START Records for this task

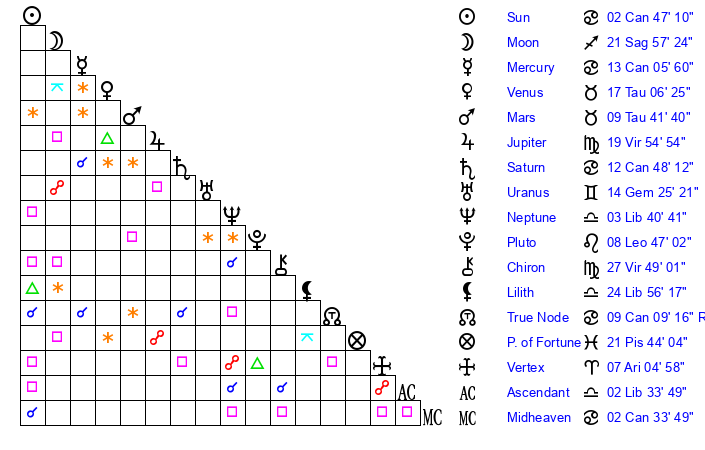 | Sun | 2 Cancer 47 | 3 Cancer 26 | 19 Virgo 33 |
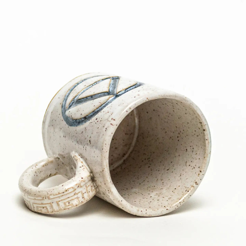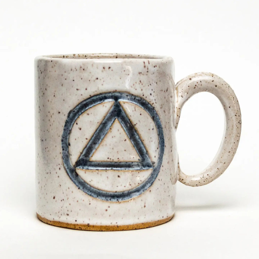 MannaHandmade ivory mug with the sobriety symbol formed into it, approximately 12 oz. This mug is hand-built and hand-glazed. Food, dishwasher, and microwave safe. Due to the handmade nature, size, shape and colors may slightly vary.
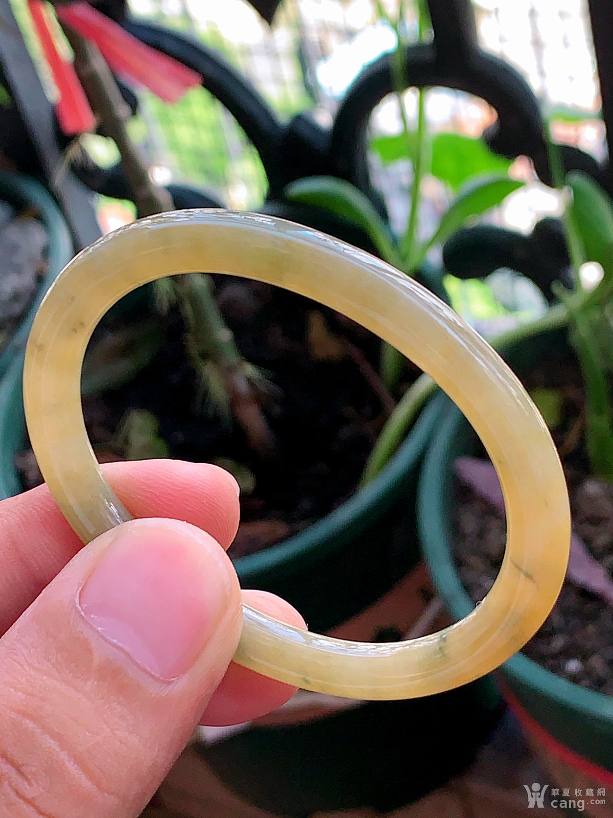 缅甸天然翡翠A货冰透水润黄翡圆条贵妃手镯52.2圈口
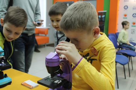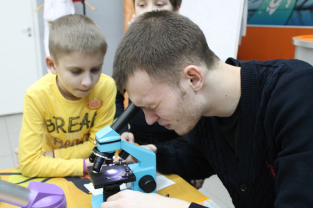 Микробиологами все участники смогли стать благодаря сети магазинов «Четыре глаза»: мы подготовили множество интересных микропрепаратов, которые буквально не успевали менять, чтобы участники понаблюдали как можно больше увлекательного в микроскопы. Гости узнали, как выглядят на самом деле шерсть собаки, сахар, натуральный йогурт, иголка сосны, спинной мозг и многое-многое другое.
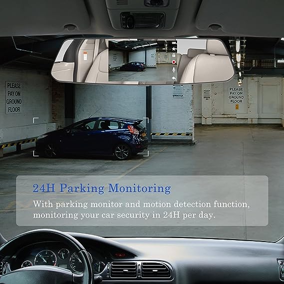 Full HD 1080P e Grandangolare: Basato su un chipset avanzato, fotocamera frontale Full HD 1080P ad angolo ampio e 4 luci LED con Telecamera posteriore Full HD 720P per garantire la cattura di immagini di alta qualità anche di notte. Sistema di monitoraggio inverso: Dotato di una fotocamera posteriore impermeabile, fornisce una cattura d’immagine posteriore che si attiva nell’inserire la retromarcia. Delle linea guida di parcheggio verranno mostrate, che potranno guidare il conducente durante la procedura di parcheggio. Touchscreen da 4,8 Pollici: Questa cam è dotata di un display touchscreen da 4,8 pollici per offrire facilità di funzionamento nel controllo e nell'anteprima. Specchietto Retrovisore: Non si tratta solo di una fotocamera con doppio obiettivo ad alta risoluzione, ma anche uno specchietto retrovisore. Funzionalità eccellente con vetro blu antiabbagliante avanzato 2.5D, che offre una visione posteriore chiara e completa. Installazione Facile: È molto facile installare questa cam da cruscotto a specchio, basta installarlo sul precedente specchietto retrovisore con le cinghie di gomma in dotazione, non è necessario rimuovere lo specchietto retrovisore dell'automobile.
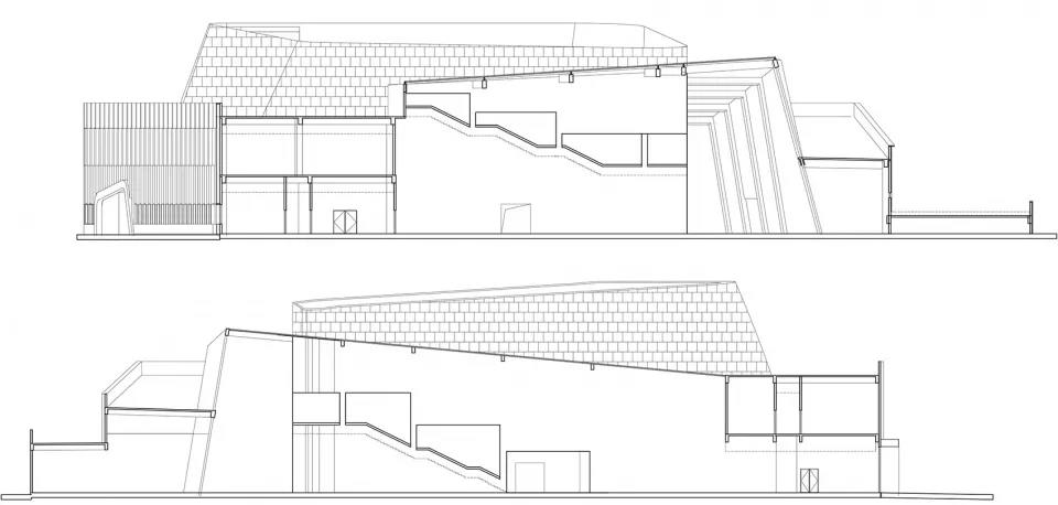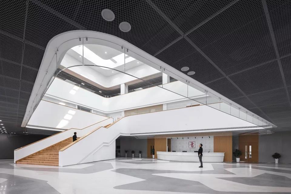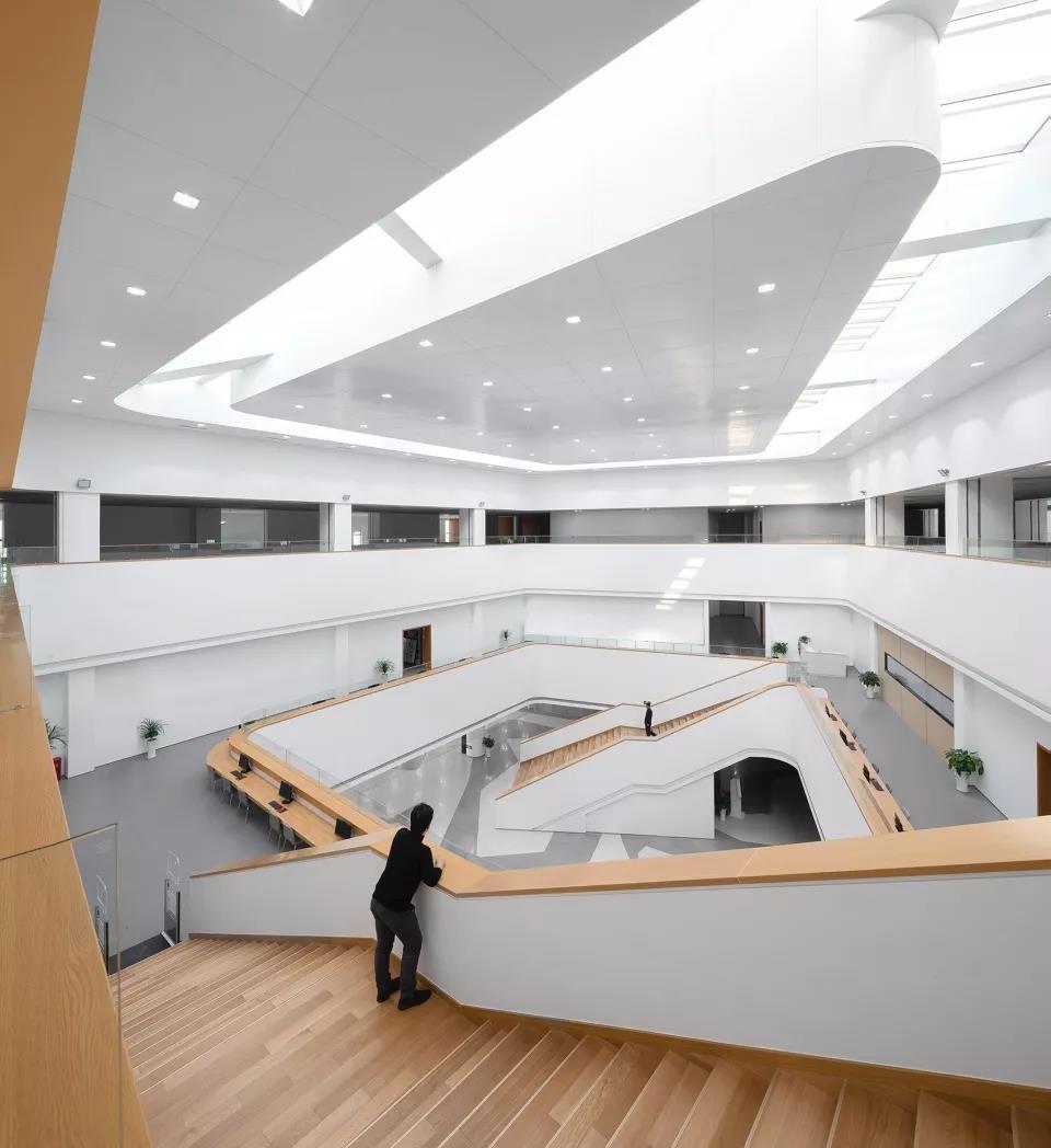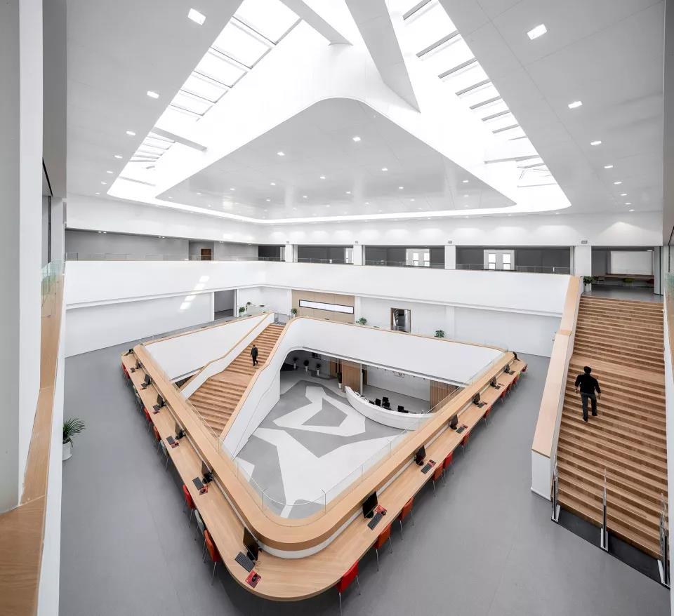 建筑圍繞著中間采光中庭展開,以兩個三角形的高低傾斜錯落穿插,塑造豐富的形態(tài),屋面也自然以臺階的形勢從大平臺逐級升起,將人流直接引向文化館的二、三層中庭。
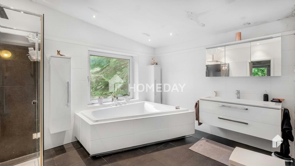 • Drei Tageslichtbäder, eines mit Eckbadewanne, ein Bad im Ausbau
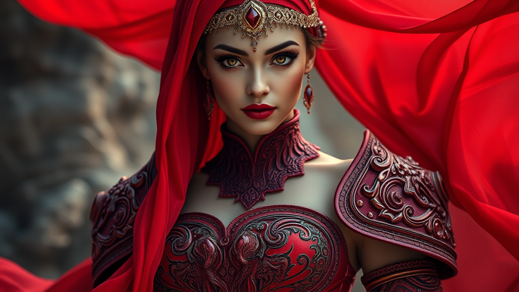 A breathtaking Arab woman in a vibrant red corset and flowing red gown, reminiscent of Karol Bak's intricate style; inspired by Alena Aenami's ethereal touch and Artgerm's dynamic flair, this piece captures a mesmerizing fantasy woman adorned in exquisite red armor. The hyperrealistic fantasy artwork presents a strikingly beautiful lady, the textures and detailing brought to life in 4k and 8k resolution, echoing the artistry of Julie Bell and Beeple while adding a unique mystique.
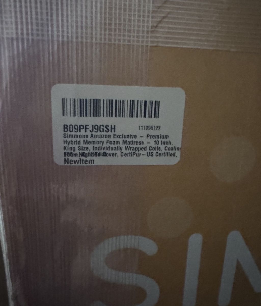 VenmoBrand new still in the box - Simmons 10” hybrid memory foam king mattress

END Records for this task

■ **What is needed**: The exact lines from the one containing "A breathtaking Arab" through the end of the data are to be copied, with both ends kept and pictures left out.

■ **Task response**:
 A breathtaking Arab woman in a vibrant red corset and flowing red gown, reminiscent of Karol Bak's intricate style; inspired by Alena Aenami's ethereal touch and Artgerm's dynamic flair, this piece captures a mesmerizing fantasy woman adorned in exquisite red armor. The hyperrealistic fantasy artwork presents a strikingly beautiful lady, the textures and detailing brought to life in 4k and 8k resolution, echoing the artistry of Julie Bell and Beeple while adding a unique mystique.
 VenmoBrand new still in the box - Simmons 10” hybrid memory foam king mattress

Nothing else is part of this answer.